The calculation for the precision is picked by me after tuning it a bit. You could probably find that another number works better. My idea was that each subsequent iteration will produce 8 more correct digits, so tuned precision based upon that idea.
from sys import argv
from decimal import Decimal, getcontext
# decimal factorial
def factorial(k):
if k <= 0:
return Decimal(1)
i = k - Decimal(1)
res = k
while i > 0:
res = res * i
i = i - Decimal(1)
return res
try:
num_iterations = int(argv[1])
except IndexError:
num_iterations = 5
num_digits = (num_iterations + 1) * 10
# guess of the precision needed
getcontext().prec = num_digits
# splitting up into parts
constant = (Decimal(2) * Decimal(2).sqrt()) / (Decimal(99) ** Decimal(2))
pi_sum = Decimal(0)
for k in range(0, num_iterations + 1):
first = factorial(Decimal(4) * Decimal(k)) / (factorial(k) ** Decimal(4))
second = (Decimal(26390) * Decimal(k) + Decimal(1103)) / (Decimal(396) ** (Decimal(4) * Decimal(k)))
pi_sum = pi_sum + (first * second)
pi = Decimal(1) / (pi_sum * constant)
print('pi: ' + str(pi))
Let's run it a few times with varying number of iterations. Below you will see printing the script does, with the exact solution below.
todo: update code above,
num_iterations = 0
pi: 3.141592731
3.141592653...
xxx
num_iterations = 1
pi: 3.1415926535897938781
3.1415926535897932384...
xxxx
num_iterations = 2
pi: 3.14159265358979323846264906569
3.14159265358979323846264338327...
xxxxxx
num_iterations = 4
pi: 3.1415926535897932384626433832795028841976638181332
3.1415926535897932384626433832795028841971693993751...
xxxxxxxxxx
num_iterations = 10
pi: 3.1415926535897932384626433832795028841971693993751058209749445923078164062862089986280352623021979718763295702
3.1415926535897932384626433832795028841971693993751058209749445923078164062862089986280348253421170679821480865...
xxxxxxxxxxxxxxxxxxxxxxx
(the pi: prints are from the application above, and the line below is the exact solution. The xs marks the difference between them. If you are on a mobile phone, you can count these xs from the back)
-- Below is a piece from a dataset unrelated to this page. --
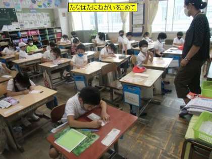 2年2組も、地域の方からたなばた用の笹竹をいただきました。この時間は、短冊に願い事を書く時間です。どの子も真剣に考えて、ていねいに短冊に書き始めました。「コロナがおさまりますように」「いきいきランドにホタルがみつかりますように」子どもの願いは、真っ直ぐで本物です。
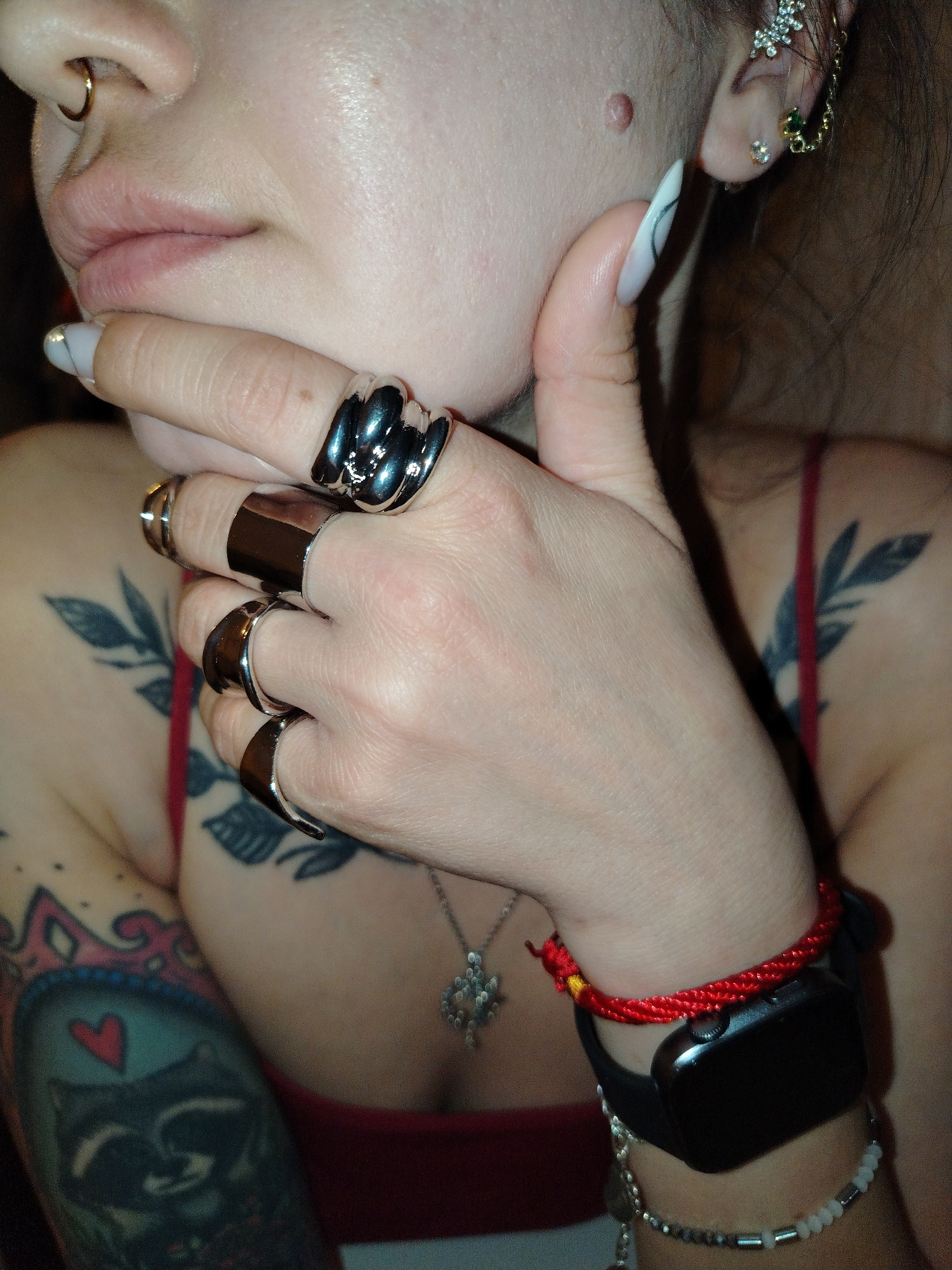 A person with pale skin is shown from the chest up, adorned with jewelry and tattoos. A gold nose ring is visible in the left nostril, and multiple earrings decorate the right ear. The person's left hβ¦read more

We could probably continue for all eternity here. The only limit here is really the memory and compute capabilities of your computer. The calculations are fast on my Macbook Air M1. For 10 iterations, we already have Pi down to a bit more than 100 digits. If we continued for around 1200 iterations, we would get fairly close to 10 000 correct digits. After iteration 2, each successive iteration produce 8 more correct digits. Pretty neat!
There are off course other algorithms that are even more efficient (like the Chudnovsky algorithm based upon Ramanujans formula), but this should be a start if you have not dabbled in Pi algorithms before. Hopefully, you now also know of the math god that was Srinivasa Ramanujan!
Some of you may be thinking: Why is the code not in your beloved Rust, Marie? The answer is simple. I would not get the desired precision for divisions when using the bigdecimal crate. This might be caused by an open issue or due to me not fiddling enough with their Context objects. There seems to be some open issues on precision for that crate, so hopefully I'm not too stupid.